Exclude the pictures, then quote exactly the lines from the one holding "2-к кв. Москва ул. Яблочкова, 49 (60.0 м²)" through the last line of the records.

▶ Collection entries
━━━━━━━━━━━━━━━━━━━━━━━━━━━━━━

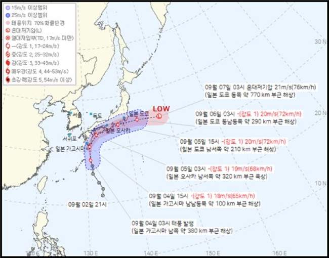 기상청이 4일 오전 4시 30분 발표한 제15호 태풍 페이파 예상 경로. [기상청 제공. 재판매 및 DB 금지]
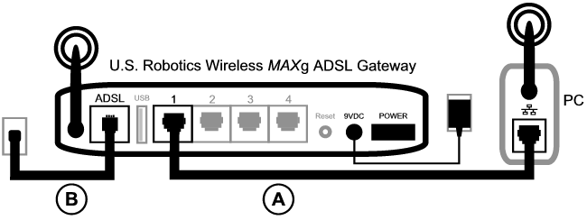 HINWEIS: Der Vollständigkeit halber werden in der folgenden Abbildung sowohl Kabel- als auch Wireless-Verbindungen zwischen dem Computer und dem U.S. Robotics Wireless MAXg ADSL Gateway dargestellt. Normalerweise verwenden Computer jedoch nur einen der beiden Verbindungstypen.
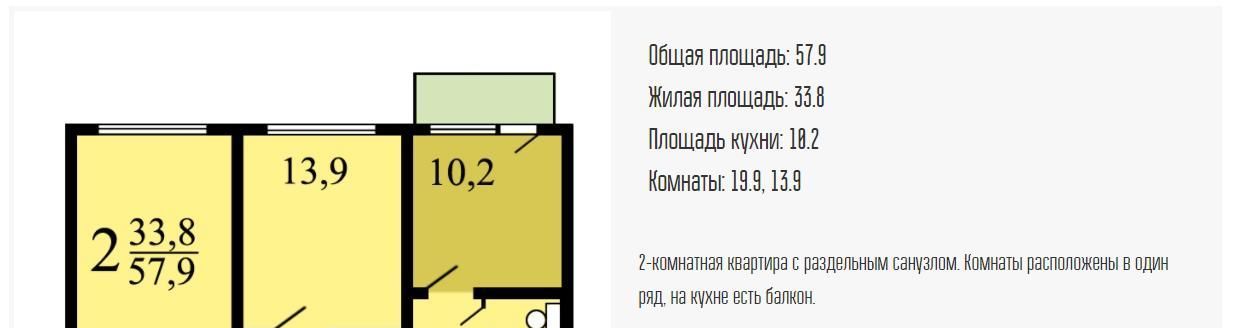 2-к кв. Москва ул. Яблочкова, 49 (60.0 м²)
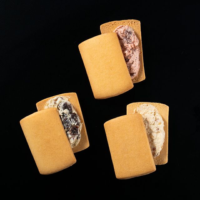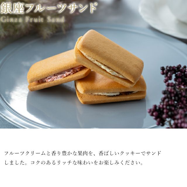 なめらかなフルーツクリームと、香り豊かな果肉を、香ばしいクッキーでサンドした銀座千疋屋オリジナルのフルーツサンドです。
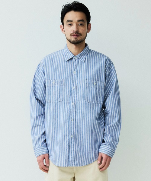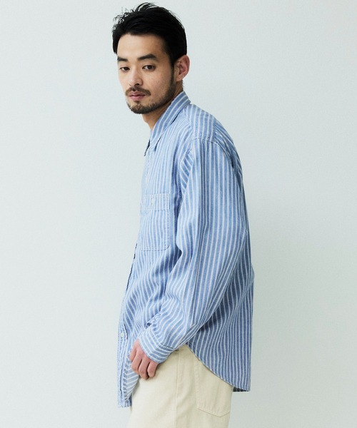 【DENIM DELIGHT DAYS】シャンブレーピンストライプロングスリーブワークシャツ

━━━━━━━━━━━━━━━━━━━━━━━━━━━━━━

▶ EXERCISE RESPONSE
 2-к кв. Москва ул. Яблочкова, 49 (60.0 м²)
 なめらかなフルーツクリームと、香り豊かな果肉を、香ばしいクッキーでサンドした銀座千疋屋オリジナルのフルーツサンドです。
 【DENIM DELIGHT DAYS】シャンブレーピンストライプロングスリーブワークシャツ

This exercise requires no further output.